> _Work instructions_: Write the data out again exactly, with every picture removed.

Stored entries
____

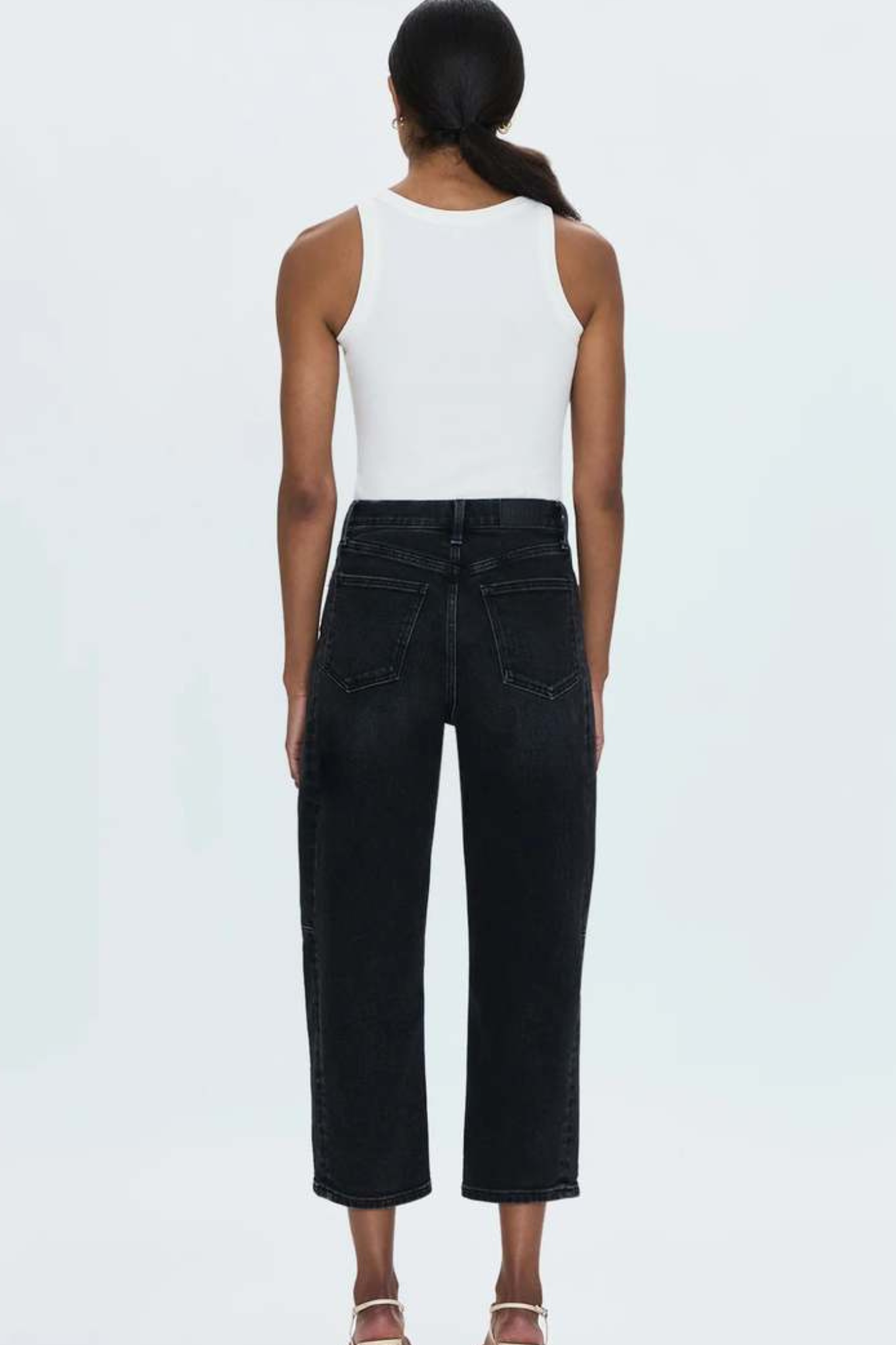 Meet the Eli jean, a modern denim staple from Pistola. The slight bowed shape is defined by dark contouring to make your legs appear elongated, and give a slimming look throughout the entire fit. In a comfort fabric, it has a structured fit with just a touch of stretch. Materials - Material: 70% Cotton, 19% Polyester, 10% Viscose, 1% Spandex - Care Instructions: wash cold Sizing - Rise: 12 1/2 ", Inseam: 26", Leg Opening: 17 " - Model is 59 wearing size 26
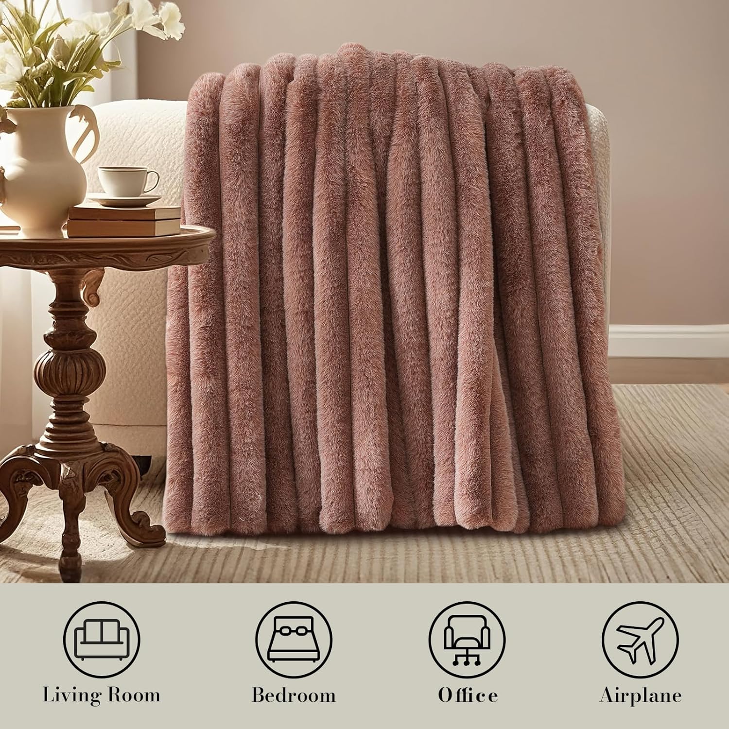 Amélie Home Faux Fur Throw Blanket for Couch, Ultra Cozy Fuzzy Fluffy Fur Luxurious Soft Striped Plush Gift Blankets for Family Sofa Chair Bed Living Room Bedroom, 60"x80", Ionic Fox Brown
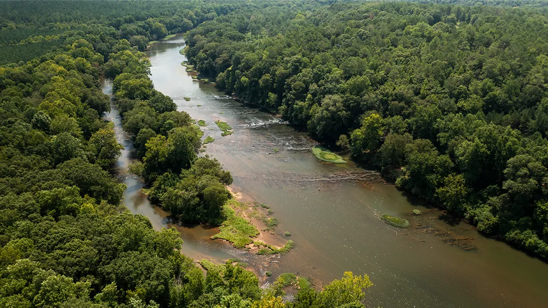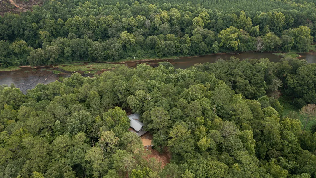 795 acres in Chambers County, Alabama The Mule Shoe Bend Truly one of the most unique and diverse properties in the Southeast. Mule Shoe Bend is an ultra-private property consisting of almost 800 +/- acres located in the northeasterly portion of Chambers County, Alabama. The Shoe is almost completely encased by the flowing waters of the Tallapoosa River. Over three miles of river frontage provides a multitude of options for the landowner, their family, and friends. Whether fly fishing for red eye bass, kayaking, hunting, or enjoying the beautiful views and extensive trail system, this Shoe is truly impressive. Lodge The Shoe has an incredible lodge perched hundreds of feet above the cascading waters of the Tallapoosa River. The views of white topped waves of water rolling over the granite outcropping can be seen and heard from the rocking chairs of the screened porch. The three beds, two bath lodge comes fully furnish...The Shoe has an incredible lodge perched hundreds of feet above the cascading waters of the Tallapoosa River. The views of white topped waves of water rolling over the granite outcropping can be seen and heard from the rocking chairs of the screened porch. The three beds, two bath lodge comes fully furnished, and has an abundance of character, and rustic charm. That rustic charm permeates all aspects of the lodge. Hand-hewn, seasoned logs are exposed on the inside and outside of the dwelling. Those logs having been repurposed from a century old tobacco barn in the hills of North Carolina. Rising majestically from the floor of the living space is a towering 23 ft natural rock fireplace. Large barn beams extend throughout the living space. A newly designed kitchen with granite counter tops, custom cabinetry, and new appliances gives a modern balance to the heart pine floors and ceilings. From the circle drive, a large, covered porch welcomes you into the mudroom and hunting lockers off the kitchen. Game Deer and turkey roam in abundance. Throughout the expanse of the property, a multitude of green spaces are strategically placed along ridge tops and bottomland areas. A recent addition of a newly completed 15 +/- acre lake will, once filled to full pool, provide yet another valued asset to the Shoes resume. The Mule Shoe Bend also has a 1 acre duck pond resting on the southern banks of Laney Creek. Wood ducks, Mallards, and Teel frequent this watering hole during the fall and winter months. Also, several wild quail coveys can be flushed along the green fields edge and their calls heard drifting among the towering loblolly pines. The Shoe is covered with natural mast producing trees as well as thousands of planted game trees. Sawtooth oaks, pears, plums, Arkansas Black apple, Common persimmon, Japanese persimmon, and Chinese Chestnut trees dot the landscape. Muscadine and scuppernong vines, kiwi plants, and blueberry bushes are also in abundance. The Shoe is 795 +/- acre with an additional 440 +/- acres to its South under lease. The leased property adds miles of river frontage and more hunting opportunities for the land owner.+ Show More
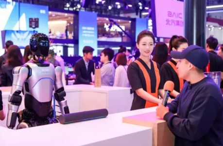 来到北汽集团展台,你会惊讶发现,以往前台接待的“小姐姐”不见了,取而代之的是一位略显生疏,但未来感十足的机器人接待生,这正是智元机器人,已经承担起和观众互动的重任。具身机器人还只是一个小小的“开胃菜”,在北汽集团展台转转,还有更多惊喜:展台一角的滑板电动平台互动体验区,正在上演“原地转圈”和“横行”的神奇表演;一辆有着L4级智驾水平的Robotaxi车型为观众展示未来出行的雏形;也有不少观众还在戴着Rokid AR眼镜看展,或者在智能座舱体验区,感受沉浸式的智能拟人交互对话……如此种种,高“含智量”正是北汽集团展台给人的第一印象。
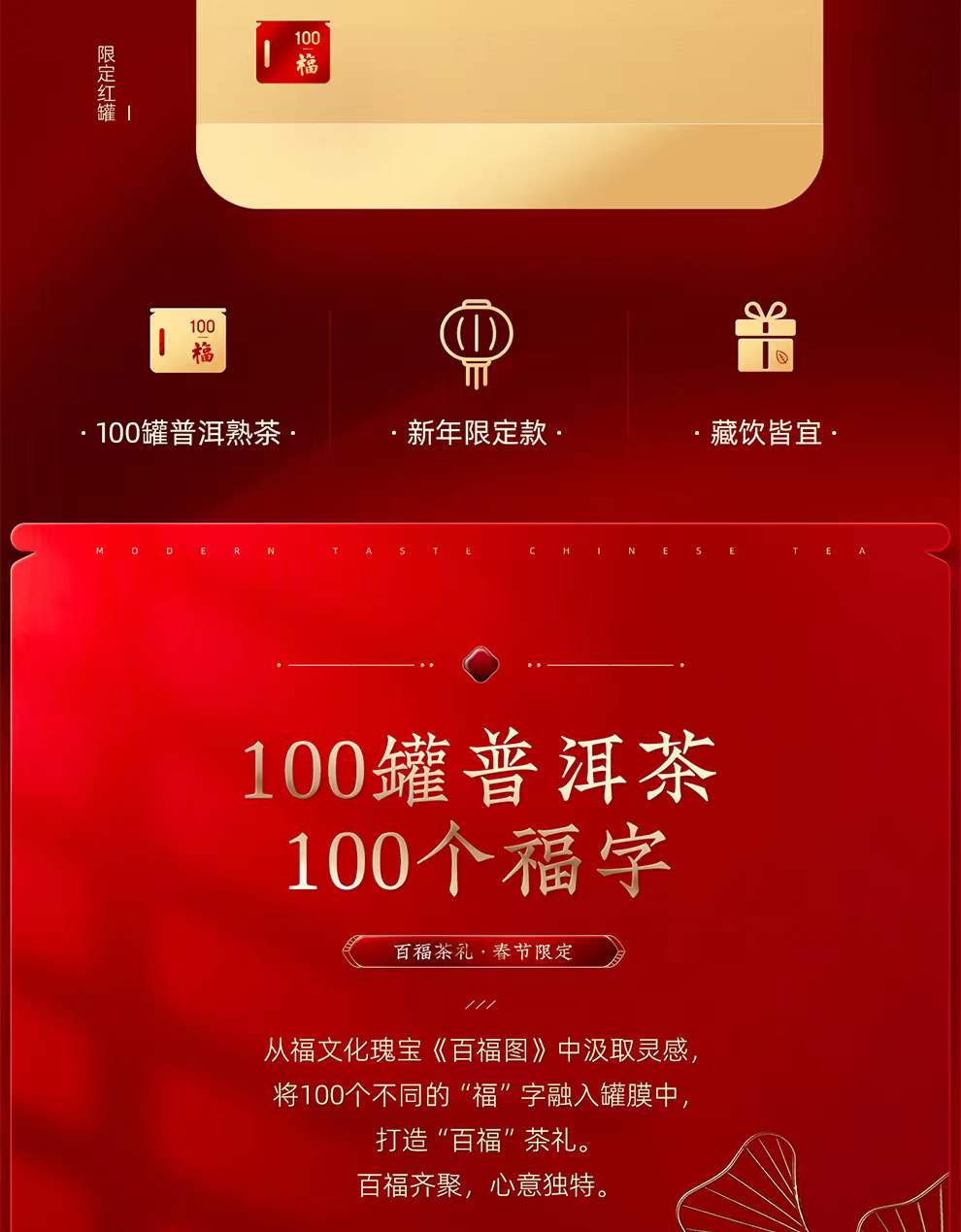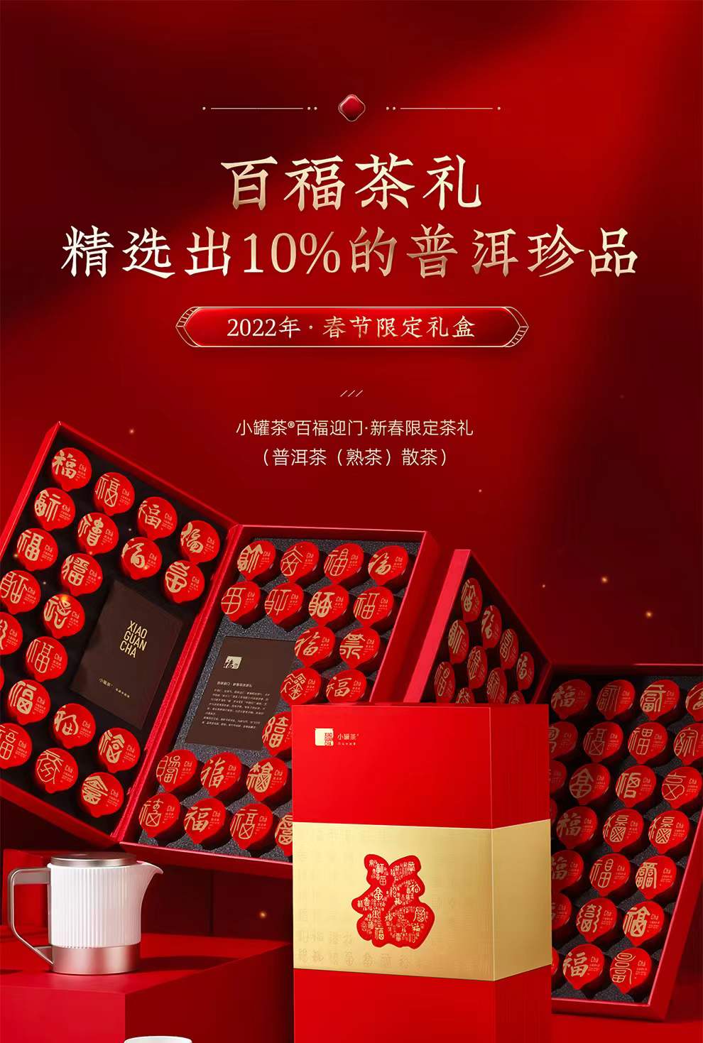 【外盒微瑕】小罐茶百福限定礼云南特级普洱熟茶茶叶礼盒装100罐400g限时送小罐茶茶具一套

____

> _Answer area_:
 Meet the Eli jean, a modern denim staple from Pistola. The slight bowed shape is defined by dark contouring to make your legs appear elongated, and give a slimming look throughout the entire fit. In a comfort fabric, it has a structured fit with just a touch of stretch. Materials - Material: 70% Cotton, 19% Polyester, 10% Viscose, 1% Spandex - Care Instructions: wash cold Sizing - Rise: 12 1/2 ", Inseam: 26", Leg Opening: 17 " - Model is 59 wearing size 26
 Amélie Home Faux Fur Throw Blanket for Couch, Ultra Cozy Fuzzy Fluffy Fur Luxurious Soft Striped Plush Gift Blankets for Family Sofa Chair Bed Living Room Bedroom, 60"x80", Ionic Fox Brown
 795 acres in Chambers County, Alabama The Mule Shoe Bend Truly one of the most unique and diverse properties in the Southeast. Mule Shoe Bend is an ultra-private property consisting of almost 800 +/- acres located in the northeasterly portion of Chambers County, Alabama. The Shoe is almost completely encased by the flowing waters of the Tallapoosa River. Over three miles of river frontage provides a multitude of options for the landowner, their family, and friends. Whether fly fishing for red eye bass, kayaking, hunting, or enjoying the beautiful views and extensive trail system, this Shoe is truly impressive. Lodge The Shoe has an incredible lodge perched hundreds of feet above the cascading waters of the Tallapoosa River. The views of white topped waves of water rolling over the granite outcropping can be seen and heard from the rocking chairs of the screened porch. The three beds, two bath lodge comes fully furnish...The Shoe has an incredible lodge perched hundreds of feet above the cascading waters of the Tallapoosa River. The views of white topped waves of water rolling over the granite outcropping can be seen and heard from the rocking chairs of the screened porch. The three beds, two bath lodge comes fully furnished, and has an abundance of character, and rustic charm. That rustic charm permeates all aspects of the lodge. Hand-hewn, seasoned logs are exposed on the inside and outside of the dwelling. Those logs having been repurposed from a century old tobacco barn in the hills of North Carolina. Rising majestically from the floor of the living space is a towering 23 ft natural rock fireplace. Large barn beams extend throughout the living space. A newly designed kitchen with granite counter tops, custom cabinetry, and new appliances gives a modern balance to the heart pine floors and ceilings. From the circle drive, a large, covered porch welcomes you into the mudroom and hunting lockers off the kitchen. Game Deer and turkey roam in abundance. Throughout the expanse of the property, a multitude of green spaces are strategically placed along ridge tops and bottomland areas. A recent addition of a newly completed 15 +/- acre lake will, once filled to full pool, provide yet another valued asset to the Shoes resume. The Mule Shoe Bend also has a 1 acre duck pond resting on the southern banks of Laney Creek. Wood ducks, Mallards, and Teel frequent this watering hole during the fall and winter months. Also, several wild quail coveys can be flushed along the green fields edge and their calls heard drifting among the towering loblolly pines. The Shoe is covered with natural mast producing trees as well as thousands of planted game trees. Sawtooth oaks, pears, plums, Arkansas Black apple, Common persimmon, Japanese persimmon, and Chinese Chestnut trees dot the landscape. Muscadine and scuppernong vines, kiwi plants, and blueberry bushes are also in abundance. The Shoe is 795 +/- acre with an additional 440 +/- acres to its South under lease. The leased property adds miles of river frontage and more hunting opportunities for the land owner.+ Show More
 来到北汽集团展台,你会惊讶发现,以往前台接待的“小姐姐”不见了,取而代之的是一位略显生疏,但未来感十足的机器人接待生,这正是智元机器人,已经承担起和观众互动的重任。具身机器人还只是一个小小的“开胃菜”,在北汽集团展台转转,还有更多惊喜:展台一角的滑板电动平台互动体验区,正在上演“原地转圈”和“横行”的神奇表演;一辆有着L4级智驾水平的Robotaxi车型为观众展示未来出行的雏形;也有不少观众还在戴着Rokid AR眼镜看展,或者在智能座舱体验区,感受沉浸式的智能拟人交互对话……如此种种,高“含智量”正是北汽集团展台给人的第一印象。
 【外盒微瑕】小罐茶百福限定礼云南特级普洱熟茶茶叶礼盒装100罐400g限时送小罐茶茶具一套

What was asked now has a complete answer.